* **Directions**: Within the records below, find the line with "De rode loper en haag van leerlingen" and the line with "Valdivia, 2007. Acuarela sobre papel.", then reproduce exactly those two lines and all lines between them, without any picture.

* **Given data**:
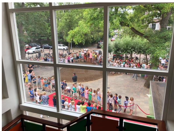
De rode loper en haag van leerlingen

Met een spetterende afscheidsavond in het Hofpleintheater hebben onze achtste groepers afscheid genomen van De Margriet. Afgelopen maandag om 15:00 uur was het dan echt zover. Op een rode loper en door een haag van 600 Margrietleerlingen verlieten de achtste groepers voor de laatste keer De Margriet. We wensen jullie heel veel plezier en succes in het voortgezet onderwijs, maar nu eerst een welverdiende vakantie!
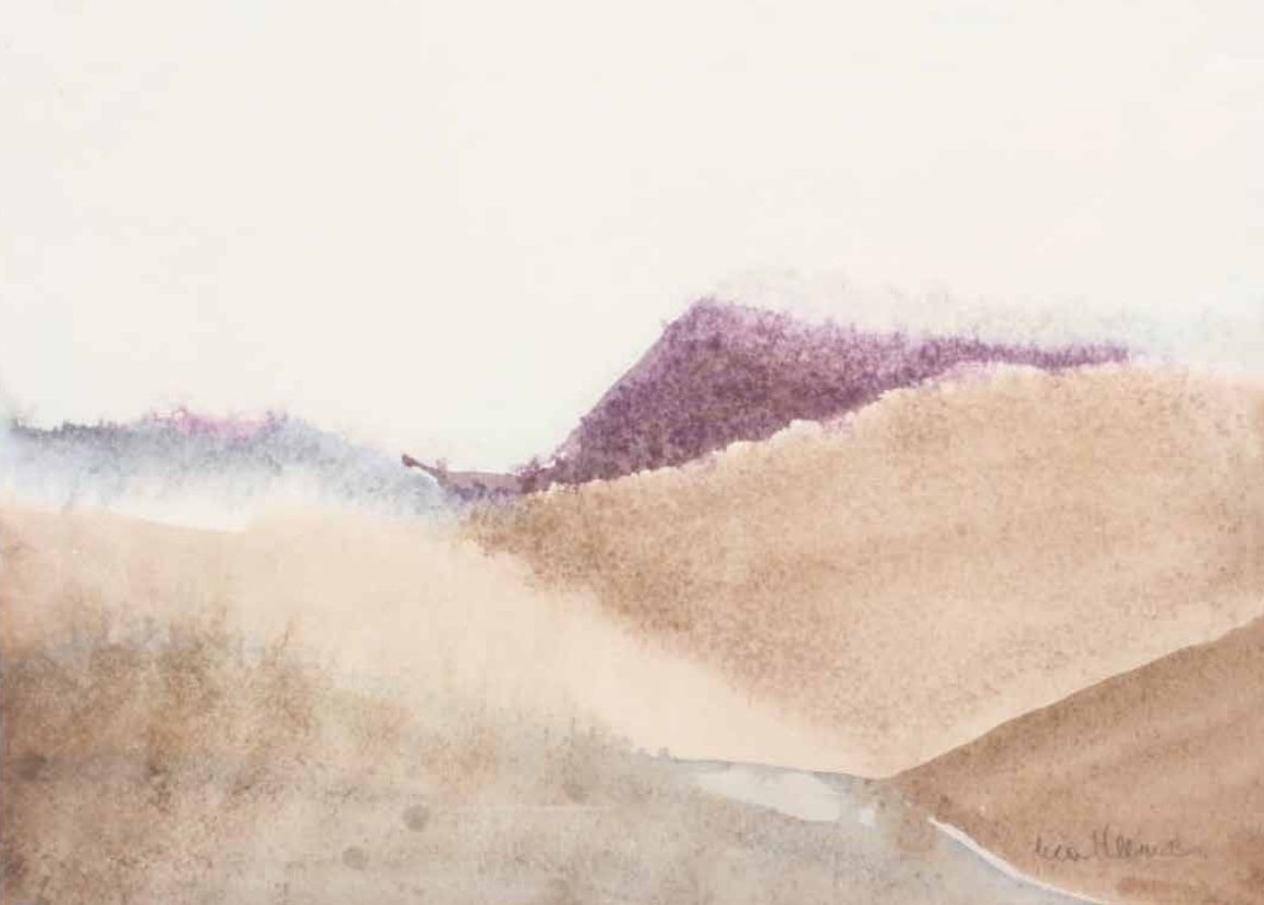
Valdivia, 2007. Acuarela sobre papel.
...
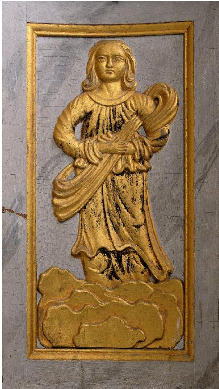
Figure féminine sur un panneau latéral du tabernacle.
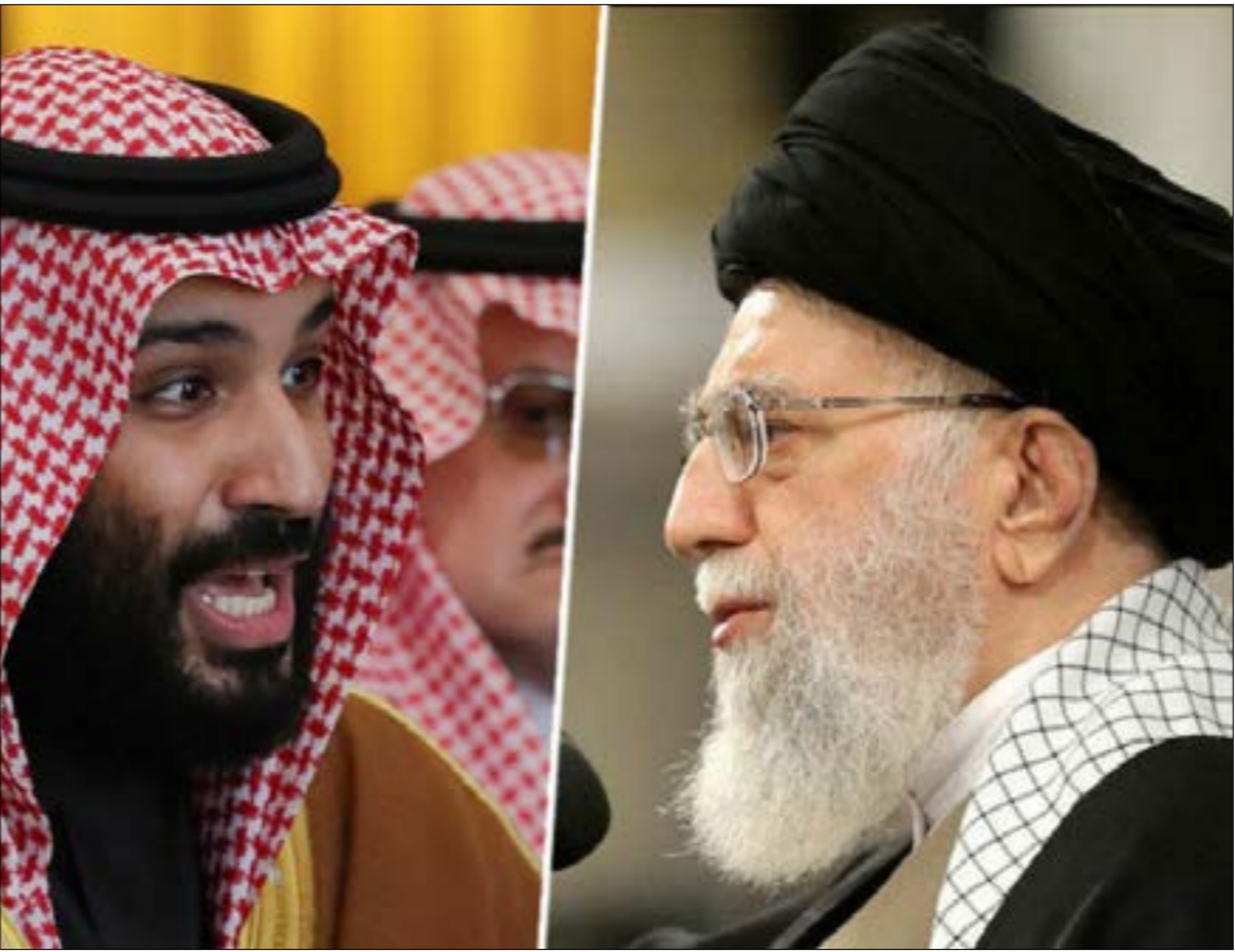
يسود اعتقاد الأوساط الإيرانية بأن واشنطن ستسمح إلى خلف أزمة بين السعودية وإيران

* **Result of this task**:
De rode loper en haag van leerlingen

Met een spetterende afscheidsavond in het Hofpleintheater hebben onze achtste groepers afscheid genomen van De Margriet. Afgelopen maandag om 15:00 uur was het dan echt zover. Op een rode loper en door een haag van 600 Margrietleerlingen verlieten de achtste groepers voor de laatste keer De Margriet. We wensen jullie heel veel plezier en succes in het voortgezet onderwijs, maar nu eerst een welverdiende vakantie!
Valdivia, 2007. Acuarela sobre papel.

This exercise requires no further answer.